6.1. De Raad stelt vast dat tussen partijen uitsluitend in geding is of appellant ten tijde van de aanvraag hoofdverblijf hield op het door hem opgegeven adres [adres 1].
6.2. De Raad beantwoordt de vraag of appellant ten tijde van de aanvraag op het adres [adres 1] woonde, anders dan het College, bevestigend. De Raad acht de bevindingen bij het op 7 oktober 2005 afgelegde huisbezoek in samenhang met de door appellant afgelegde verklaring daarvoor toereikend. Hij moet vaststellen dat de woonkamer en slaapkamer gemeubileerd waren, dat er een televisie en een DVD-speler stonden, dat de keuken was uitgerust met een koelkast, een fornuis en pannen, dat er spullen in de koelkast zaten, dat zich in de badkamer toiletbenodigdheden bevonden en dat beddengoed voorhanden was. De door appellant opgegeven verklaring waarom hij zijn administratie bij zijn moeder had, waarom zij zijn was doet en waarom hij daar eet en douchet, komt de Raad, gezien het feit dat de bijstand tevoren was beëindigd, niet ongeloofwaardig voor. Onder deze omstandigheden had het op de weg van het College gelegen om onderzoek te doen naar feiten en omstandigheden die deze geloofwaardigheid kunnen aantasten.
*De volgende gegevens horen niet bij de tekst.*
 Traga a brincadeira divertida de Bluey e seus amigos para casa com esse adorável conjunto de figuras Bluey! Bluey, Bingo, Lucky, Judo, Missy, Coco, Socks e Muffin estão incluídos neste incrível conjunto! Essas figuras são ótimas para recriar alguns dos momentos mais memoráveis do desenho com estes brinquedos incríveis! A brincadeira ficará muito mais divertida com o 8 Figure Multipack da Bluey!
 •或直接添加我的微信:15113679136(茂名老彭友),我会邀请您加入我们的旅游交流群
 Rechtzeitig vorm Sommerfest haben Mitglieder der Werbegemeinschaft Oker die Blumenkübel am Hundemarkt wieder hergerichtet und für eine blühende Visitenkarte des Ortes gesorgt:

Het College heeft dat echter niet gedaan. De Raad wijst er ten slotte nog op dat appellant vrijwel onmiddellijk heeft gereageerd op de op 5 oktober 2005 achtergelaten uitnodiging om op 7 oktober 2005 ten kantore van de DWI te verschijnen, dat hij direct in alle openheid over zijn situatie heeft verklaard en dat hij steeds als enige ingeschreven heeft gestaan op het adres [adres 1].
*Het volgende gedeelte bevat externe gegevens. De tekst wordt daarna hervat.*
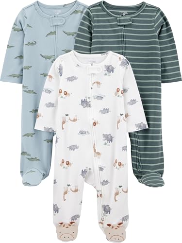 {"about_product": ["Full-Length Zipper: Full-length zipper ensures easy dressing and quick diaper changes, providing a smooth experience for both parents and babies", "Safety Chin Tab: Equipped with a safety chin tab, our sleep and play set prevents any irritation from the zipper, ensuring your baby's delicate skin remains protected and comfortable", "Fun Prints: Showcases playful and engaging prints that stimulate your baby's imagination while adding a touch of whimsy to their wardrobe", "Soft Neutral Color Palettes: Calming, neutral tones perfecting for gifting to new parents", "Versatile Use: Ideal for both sleep and playtime, these easy one-pieces keep your baby snug and stylish, making them suitable for anytime", "Easy Care: Designed for busy parents, this set is machine washable, allowing for hassle-free cleaning and maintenance"], "product_description": "This 3-Pack Neutral Unisex Sleep and Play Set from Simple Joys by Carter’s is the perfect addition to your baby's wardrobe, designed to keep your little one cozy and comfortable from day to night. Crafted from soft, breathable fabric, these one-piece outfits for baby ensure that your baby stays comfortable throughout their sleep and playtime. Each sleep and play features an easy zip-up closure that runs from the neckline to the legs, making diaper changes quick and hassle-free. The set includes three versatile pieces in adorable, neutral colors and patterns that are suitable for both baby girls and boys, making it an excellent choice for any family. The full-length design offers ample coverage while allowing for plenty of movement, making it ideal for active little explorers. With machine washable convenience, these sleep and play sets will retain their softness and vibrancy even after multiple washes, making them a practical choice for busy parents. Designed to cater to your baby's needs from newborn through early infancy, this sleep and play set provides the perfect balance of style, comfort, and functionality for every occasion.", "product_information": {"ASIN": "B0DQFJRD9B", "Department": "unisex-baby", "Manufacturer": "Carter's Simple Joys - Private Label", "Customer Reviews": "4.8 4.8 out of 5 stars \n\n (28,204)", "Best Sellers Rank": "#814 in Our Brands (See Top 100 in Our Brands) #6 in Baby Girls' Blanket Sleepers #6 in Baby Boys' Blanket Sleepers", "Item model number": "45394cbb-99b4-4e12-a020-e65bcc7153c6", "Date First Available": "May 15, 2025"}, "product_details": {"Origin": "Imported", "Fabric type": "100% Cotton", "Care instructions": "Machine Wash"}}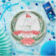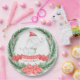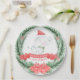 Este lindo design de papel de Elefante Branco apresenta um elefante de aquarela saindo de uma coroa de Natal. As palavras "O Primeiro Bebê" são escritas em branco, em uma faixa vermelha de fita, com o Natal logo abaixo.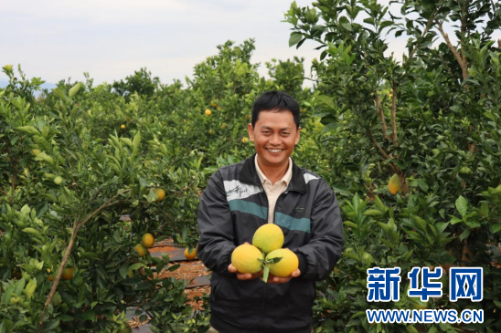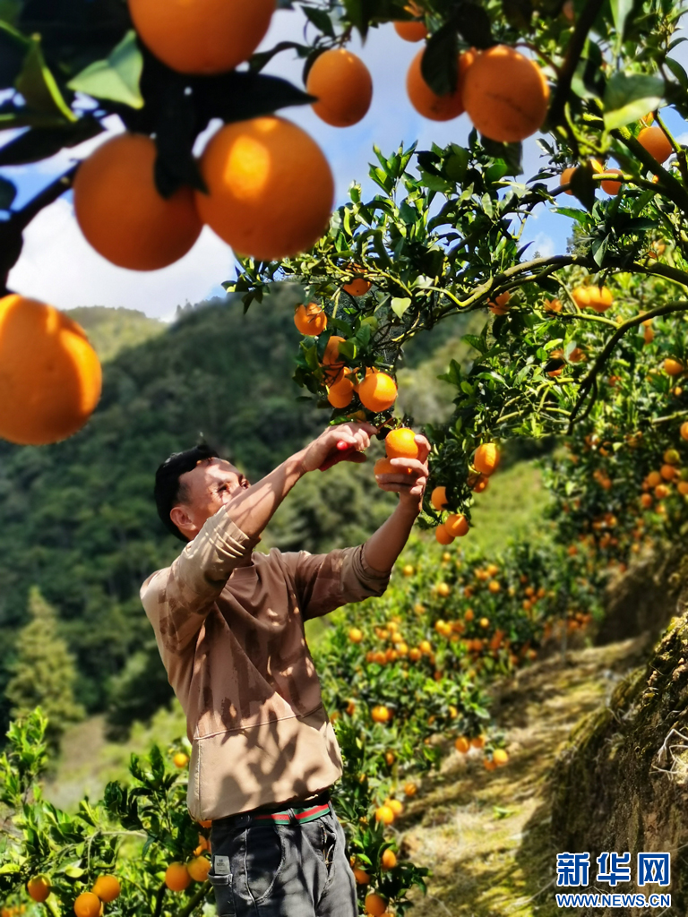 村民在采摘脐橙。新华网发(蒙自市融媒体中心 供图)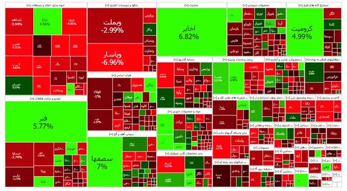 شاخص هم‌وزن با ۴ هزار و ۹۸۰ واحد کاهش به ۷۲۷ هزار و ۶۳۰ واحد رسید. نماد‌های «وپاسار، وبملت، فولاد، شپنا، شستا و شبندر» بیشترین تاثیر منفی را بر شاخص داشتند.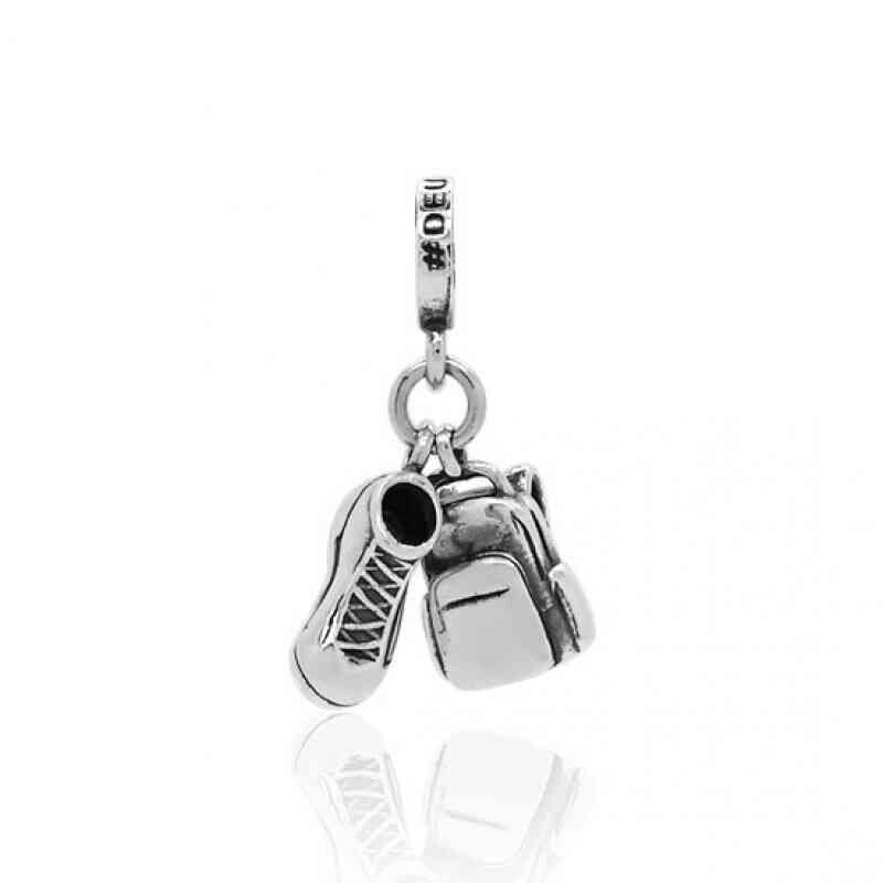 O pingente traz uma mochila e um tênis em prata, representando aventuras, companheirismo e momentos inesquecíveis juntos.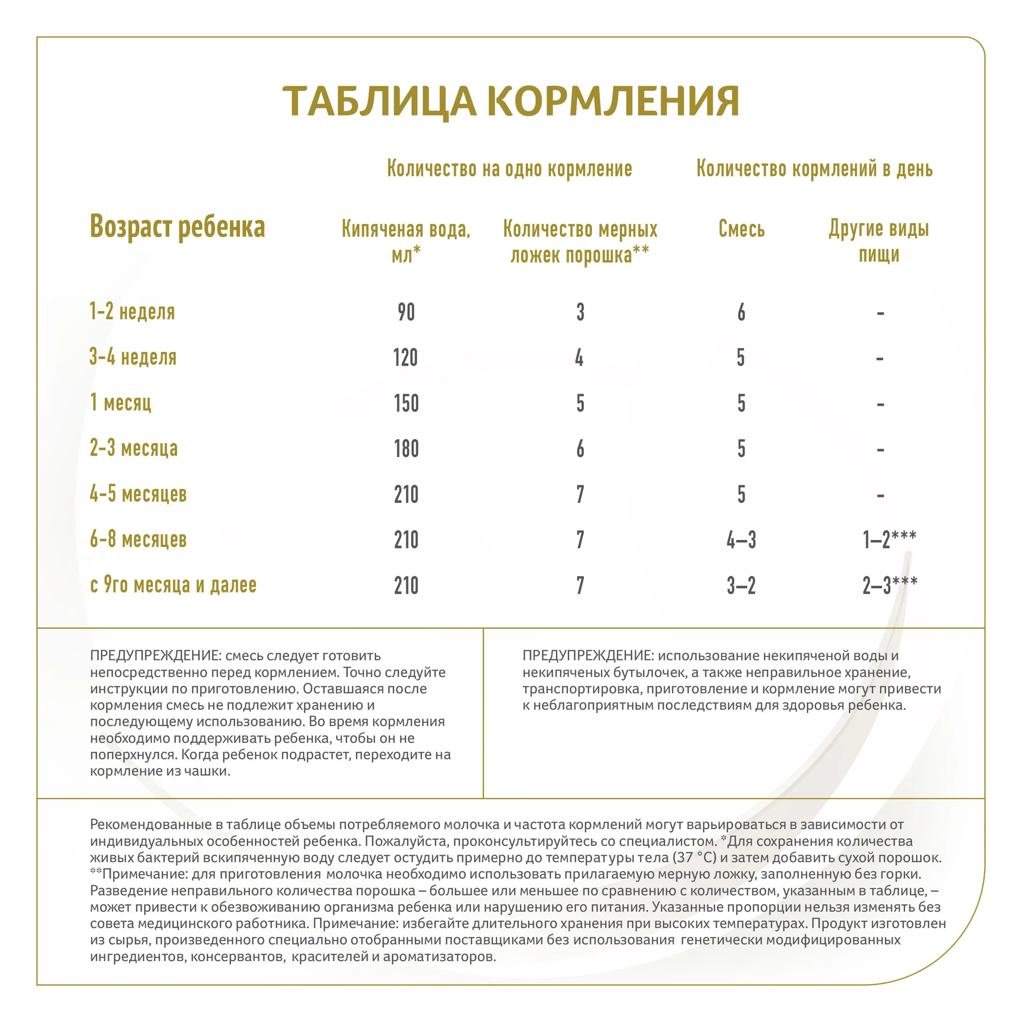 Cмесь следует готовить непосредственно перед кормлением. Точно следуйте инструкции по приготовлению. Оставшаяся после кормления смесь не подлежит хранению и последующему использованию. Во время кормления необходимо поддерживать ребенка, чтобы он не поперхнулся. Когда ребенок подрастет, переходите на кормление из чашки. Использование некипяченой воды и некипяченых бутылочек, а также неправильное хранение, транспортировка, приготовление и кормление могут привести к неблагоприятным последствиям для здоровья ребенка.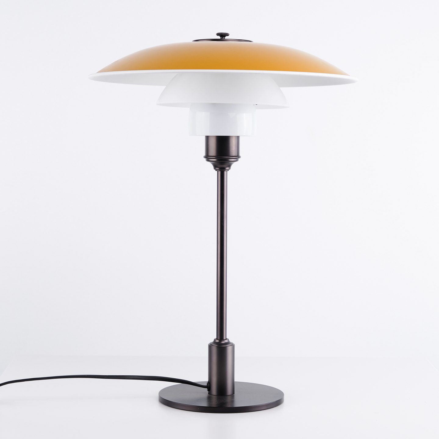 Poul Henningsen Bordlampe Model PH 3½-2½ i Gul Metal med Stel i Bruneret Messing, Louis Poulsen

6.3. Uit hetgeen is overwogen in 6.2 volgt dat het hoger beroep slaagt. Dit betekent dat het besluit van 24 januari 2006 wegens strijd met artikel 7:12, eerste lid, van de Algemene wet bestuursrecht dient te worden vernietigd. Dit betekent verder dat de aangevallen uitspraak dient te worden vernietigd. Het College dient een nieuw besluit op het bezwaar van appellant te nemen met inachtneming van deze uitspraak.
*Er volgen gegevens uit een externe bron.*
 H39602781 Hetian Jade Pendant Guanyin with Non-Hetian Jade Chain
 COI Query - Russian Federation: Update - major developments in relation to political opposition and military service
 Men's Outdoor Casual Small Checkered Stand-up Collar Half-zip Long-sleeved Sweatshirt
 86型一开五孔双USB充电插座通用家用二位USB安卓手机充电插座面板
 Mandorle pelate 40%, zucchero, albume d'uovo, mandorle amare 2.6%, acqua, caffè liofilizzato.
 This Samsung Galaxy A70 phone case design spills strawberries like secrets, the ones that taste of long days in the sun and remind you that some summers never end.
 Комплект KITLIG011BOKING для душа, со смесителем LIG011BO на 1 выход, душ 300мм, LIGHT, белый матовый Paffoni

7. De Raad veroordeelt het College tot vergoeding van de proceskosten. Deze worden begroot op € 322,-- in beroep en € 322,-- in hoger beroep voor verleende rechtsbijstand.
De Centrale Raad van Beroep;
Vernietigt de aangevallen uitspraak;
Verklaart het beroep gegrond;
Vernietigt de beslissing op bezwaar van 24 januari 2006;
Draagt het College op een nieuw besluit op het bezwaar van appellant te nemen met inachtneming van deze uitspraak;
Veroordeelt het College tot vergoeding van de proceskosten van appellant tot een bedrag van in totaal € 644,--;
Verstaat dat het College het door appellant in beroep en hoger beroep betaalde griffierecht van in totaal € 144,-- vergoedt.
Deze uitspraak is gedaan door R.M. van Male als voorzitter en C. van Viegen en O.L.H.W.I. Korte als leden, in tegenwoordigheid van N.L.E.M. Bynoe als griffier. De beslissing is uitgesproken in het openbaar op 28 juli 2009.